DATA SECTION —
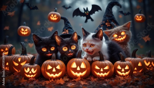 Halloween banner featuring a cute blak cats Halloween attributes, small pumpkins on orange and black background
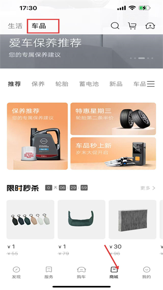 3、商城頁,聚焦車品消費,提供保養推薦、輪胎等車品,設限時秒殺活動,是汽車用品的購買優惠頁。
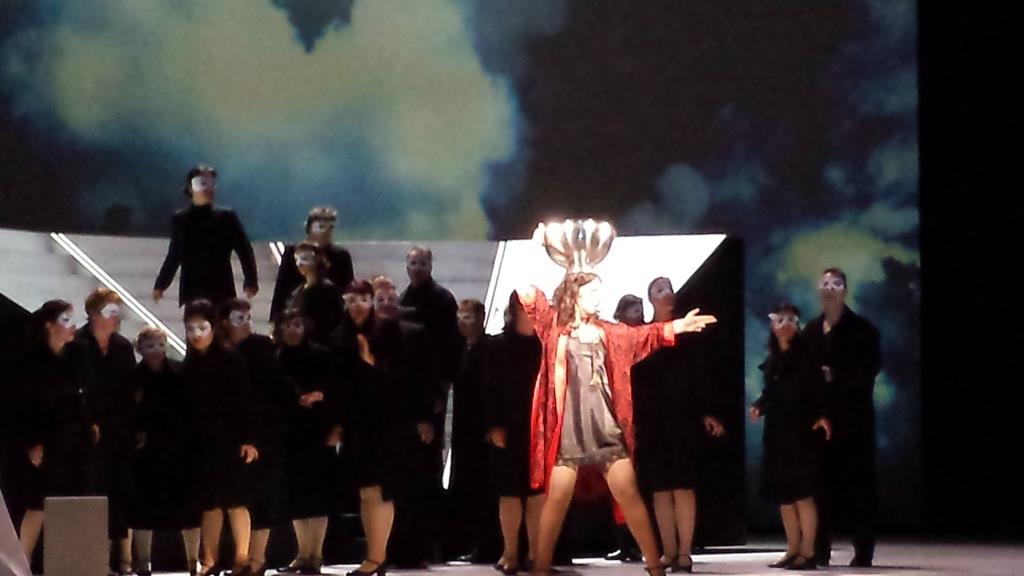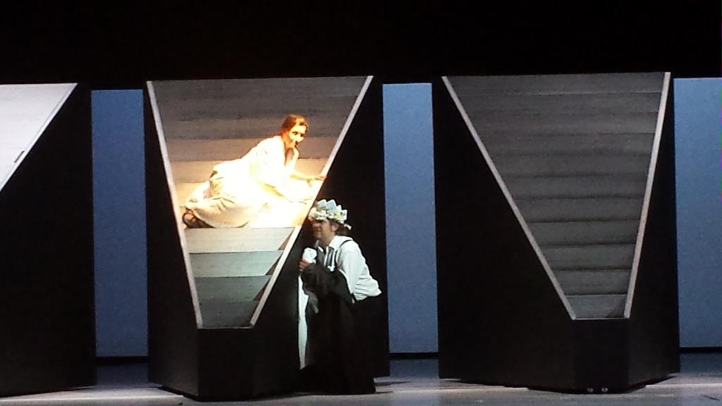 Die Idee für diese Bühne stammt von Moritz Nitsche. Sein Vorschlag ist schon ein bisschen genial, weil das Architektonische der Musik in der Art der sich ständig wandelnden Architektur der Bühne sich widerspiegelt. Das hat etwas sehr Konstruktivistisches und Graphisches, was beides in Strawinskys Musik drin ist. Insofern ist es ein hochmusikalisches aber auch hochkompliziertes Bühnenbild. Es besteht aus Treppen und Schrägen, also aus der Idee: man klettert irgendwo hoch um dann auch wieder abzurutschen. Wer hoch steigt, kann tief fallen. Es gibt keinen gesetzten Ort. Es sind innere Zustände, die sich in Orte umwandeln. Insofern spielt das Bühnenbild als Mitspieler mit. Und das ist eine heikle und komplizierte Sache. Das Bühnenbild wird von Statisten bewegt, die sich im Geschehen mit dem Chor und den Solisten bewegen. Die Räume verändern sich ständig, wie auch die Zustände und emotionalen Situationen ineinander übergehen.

WHAT YOU HAVE TO DO —
Up to and including the line with "3、商城頁,聚焦車品消費,提", copy the data above from its first line. Skip pictures.

RESULT —
 Halloween banner featuring a cute blak cats Halloween attributes, small pumpkins on orange and black background
 3、商城頁,聚焦車品消費,提供保養推薦、輪胎等車品,設限時秒殺活動,是汽車用品的購買優惠頁。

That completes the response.